| Provided entries |
--------------------

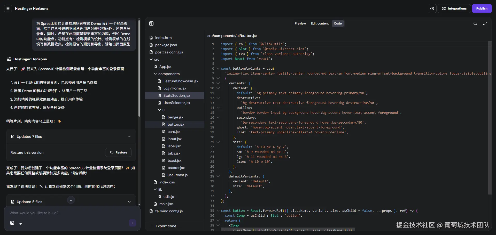 8. Hostinger Horizons ------ 含 SEO 与电商功能的 AI 构建工具
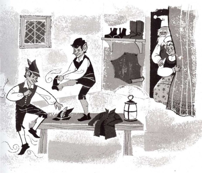 La mujer convino en ello y encendió una bujía. Hecho esto, los dos se ocultaron detrás de una cortina, dispuestos a vigilar. Al sonar la medianoche, vieron entrar en la zapatería a dos hombrecillos desnudos que se sentaron delante de la mesa del zapatero y cogieron el trabajo que estaba allí preparado. Luego, comenzaron a coser, agujerear y clavetear, moviendo sus deditos tan hábil y velozmente que el zapatero, maravillado, apenas podía seguirlos con la vista. Hasta que concluyeron la tarea y la colocaron sobre la mesa, los hombrecillos no pararon ni un momento. Después, se levantaron de un salto *’ y salieron corriendo a la calle.
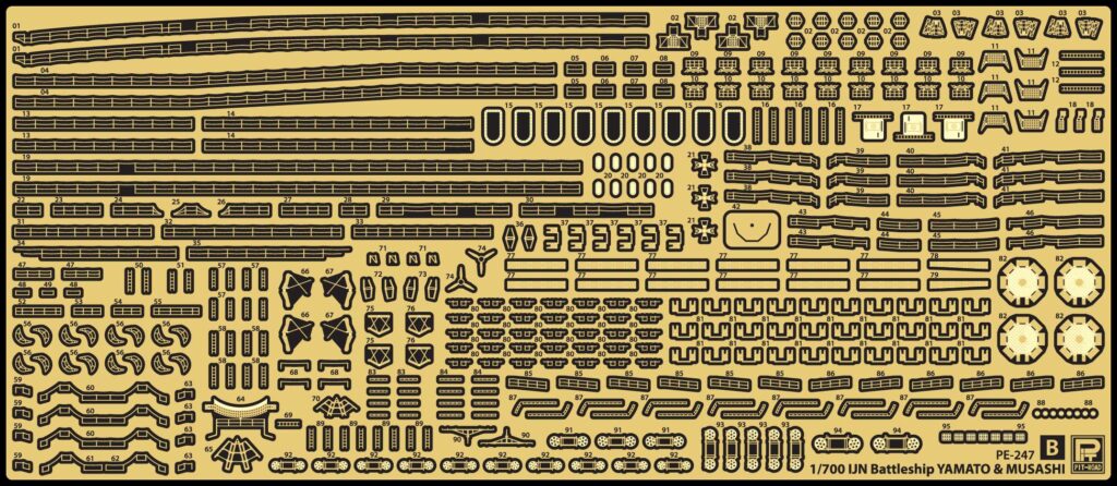・エッチングパーツ2枚+木製甲板+金属挽物砲身(主砲身9本+副砲身12本)
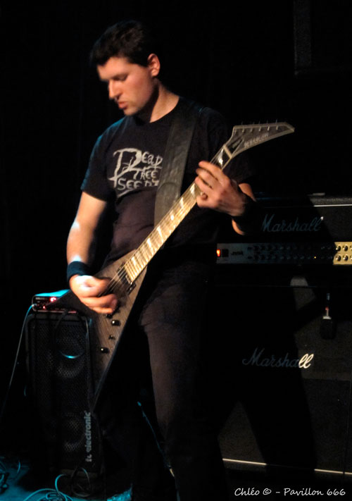 Lorsque Dead Tree Seeds arrive sur scène, je ne sais pas vraiment à quoi m’attendre, n’ayant jamais entendu parler du groupe auparavant, je le découvre ce soir. Le chanteur, arborant une veste à patchs (ou le contraire..), annonce la couleur. Je perçois des influences musicales Old School venant des profondeurs des 80’s/90’s, tels que Megadeth, Slayer ou Pantera. Les rythmiques de la batterie donnent le ton et les riffs électriques des guitares forment un ensemble stable et structuré. Renforcé d’une voix claire, déviant parfois vers le Trash, les musiciens de Dead Tree Seeds nous offre du show, de la spontanéité et de l’énergie. Entre Rock’n’Roll et Hard Rock, le résultat obtenu est une sorte de cocktail explosif qui se savoure comme une bonne bière bien fraiche !
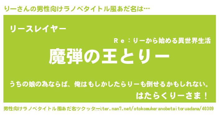 | 女子向けラノベタイトル風あだ名 | 『乙女ゲームの破滅フラグしかない悪役りーに転生してしまった…』 |
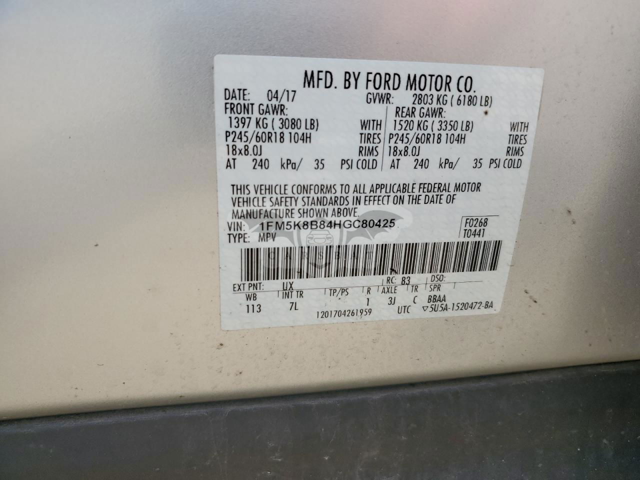 • VIN: 1FM5K8B84HGC80425
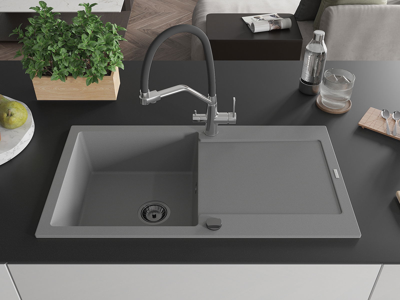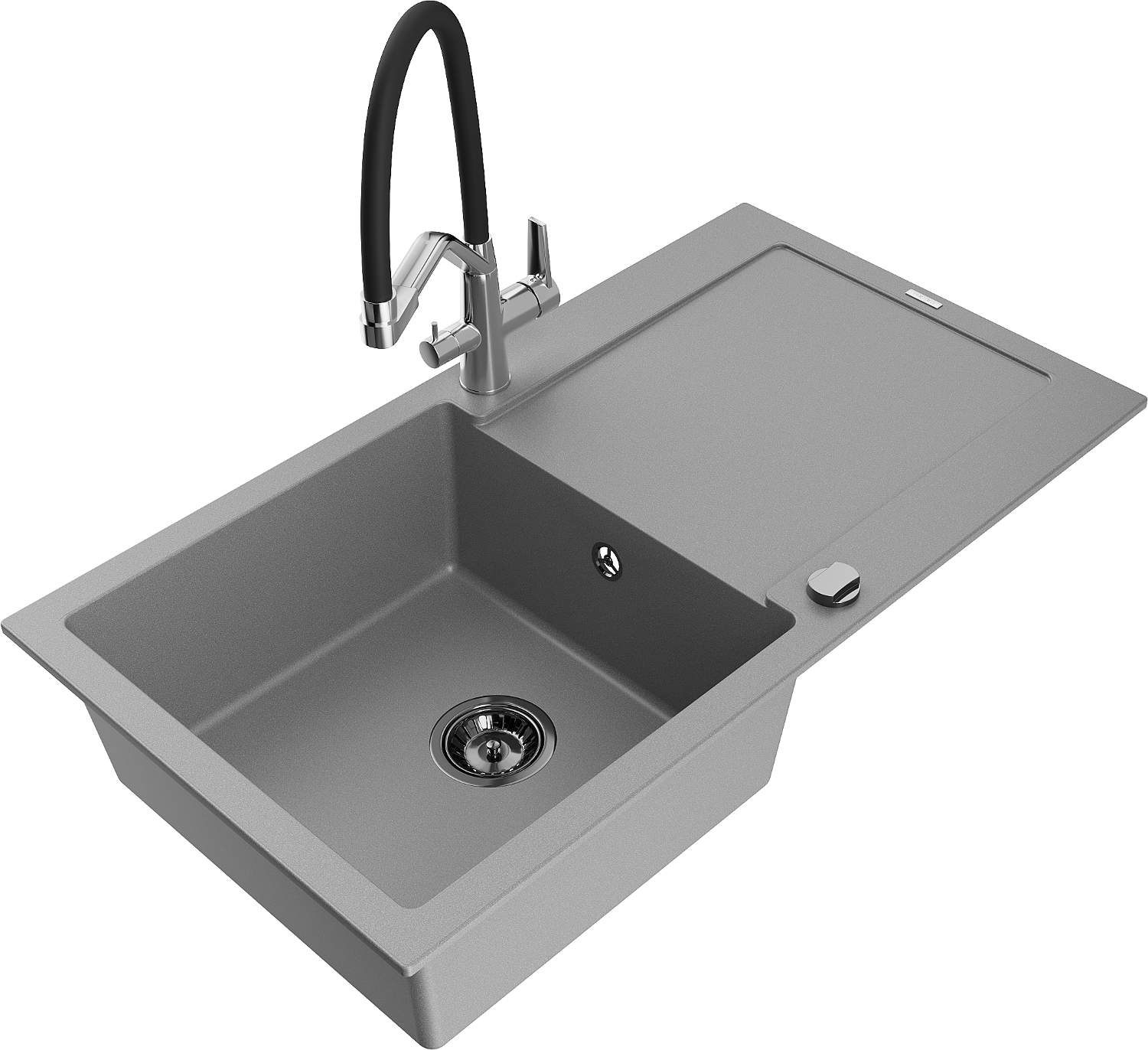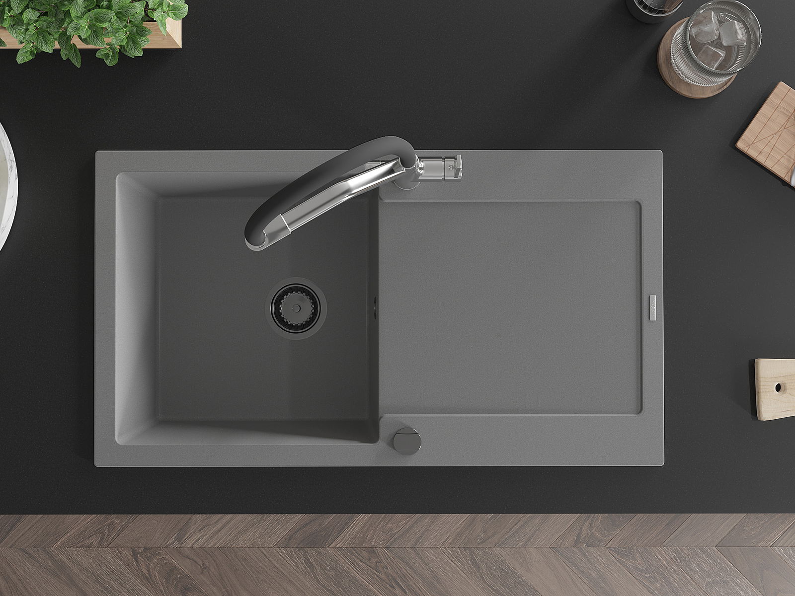 Mexen Leo žulový kuchynský drez 1-komorový s odkvapkávacou plochou a kuchynskou batériou Duo, sivý - 6501-71-671701-07-B
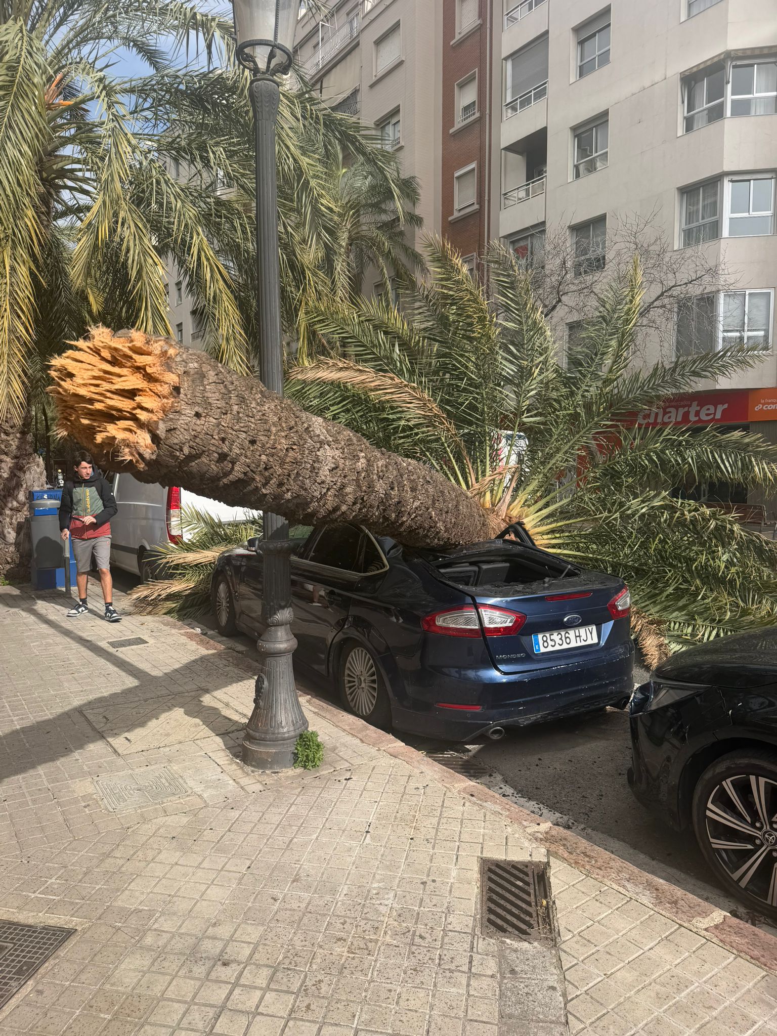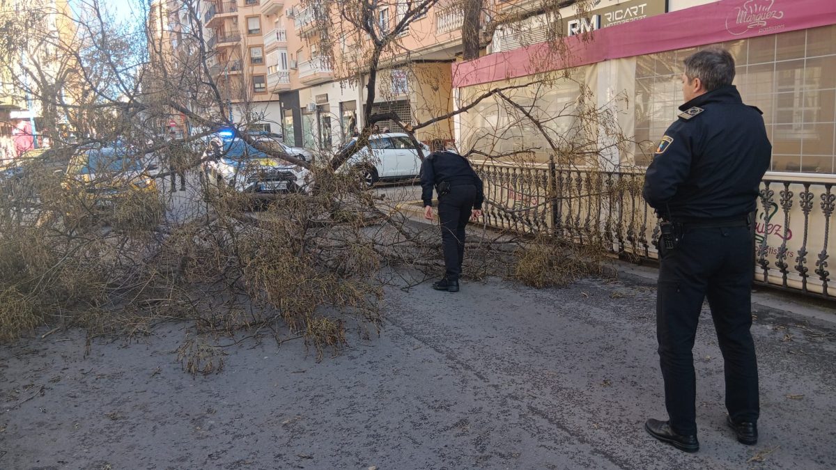 Poco después, a las 14:00 horas, en el cruce de la calle Quevedo con Guillem de Castro, una farola se ha partido por la mitad debido a la fuerza del viento, golpeando a un hombre de 55 años. Los servicios médicos del SAMU lo han asistido por una contusión en la espalda y ha sido evacuado al Hospital General.
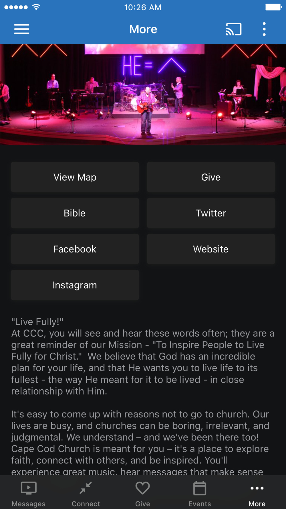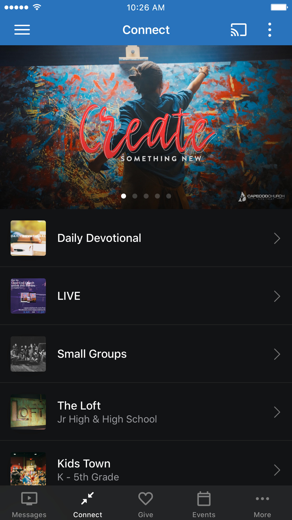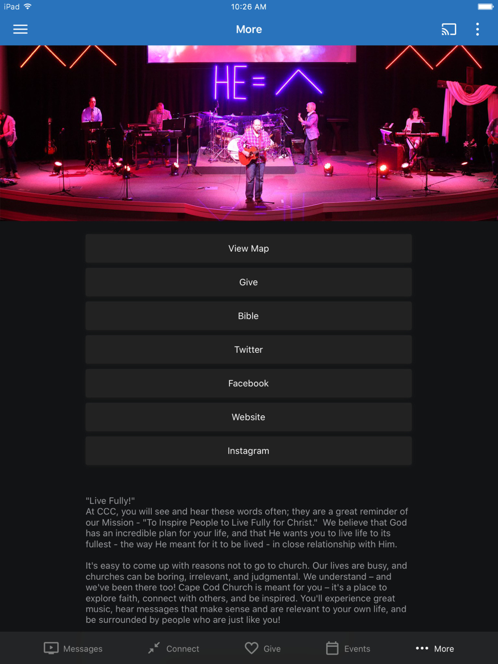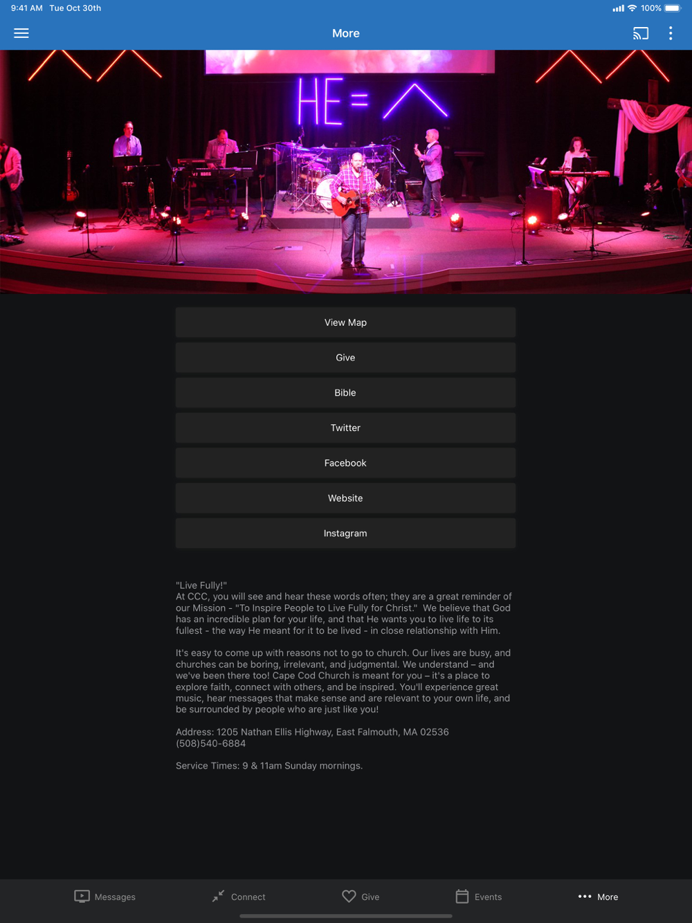 The Cape Cod Church App was created with the Subsplash App Platform.
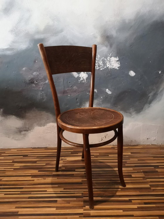 Authentieke BAUMANN bistrostel - Vintage gebogen hout met Art Nouveau-decoratie

--------------------

| What this task involves |
Output the whole of the data, unchanged; keep the pictures out.

| Written solution |
 8. Hostinger Horizons ------ 含 SEO 与电商功能的 AI 构建工具
 La mujer convino en ello y encendió una bujía. Hecho esto, los dos se ocultaron detrás de una cortina, dispuestos a vigilar. Al sonar la medianoche, vieron entrar en la zapatería a dos hombrecillos desnudos que se sentaron delante de la mesa del zapatero y cogieron el trabajo que estaba allí preparado. Luego, comenzaron a coser, agujerear y clavetear, moviendo sus deditos tan hábil y velozmente que el zapatero, maravillado, apenas podía seguirlos con la vista. Hasta que concluyeron la tarea y la colocaron sobre la mesa, los hombrecillos no pararon ni un momento. Después, se levantaron de un salto *’ y salieron corriendo a la calle.
・エッチングパーツ2枚+木製甲板+金属挽物砲身(主砲身9本+副砲身12本)
 Lorsque Dead Tree Seeds arrive sur scène, je ne sais pas vraiment à quoi m’attendre, n’ayant jamais entendu parler du groupe auparavant, je le découvre ce soir. Le chanteur, arborant une veste à patchs (ou le contraire..), annonce la couleur. Je perçois des influences musicales Old School venant des profondeurs des 80’s/90’s, tels que Megadeth, Slayer ou Pantera. Les rythmiques de la batterie donnent le ton et les riffs électriques des guitares forment un ensemble stable et structuré. Renforcé d’une voix claire, déviant parfois vers le Trash, les musiciens de Dead Tree Seeds nous offre du show, de la spontanéité et de l’énergie. Entre Rock’n’Roll et Hard Rock, le résultat obtenu est une sorte de cocktail explosif qui se savoure comme une bonne bière bien fraiche !
 | 女子向けラノベタイトル風あだ名 | 『乙女ゲームの破滅フラグしかない悪役りーに転生してしまった…』 |
 • VIN: 1FM5K8B84HGC80425
 Mexen Leo žulový kuchynský drez 1-komorový s odkvapkávacou plochou a kuchynskou batériou Duo, sivý - 6501-71-671701-07-B
 Poco después, a las 14:00 horas, en el cruce de la calle Quevedo con Guillem de Castro, una farola se ha partido por la mitad debido a la fuerza del viento, golpeando a un hombre de 55 años. Los servicios médicos del SAMU lo han asistido por una contusión en la espalda y ha sido evacuado al Hospital General.
 The Cape Cod Church App was created with the Subsplash App Platform.
 Authentieke BAUMANN bistrostel - Vintage gebogen hout met Art Nouveau-decoratie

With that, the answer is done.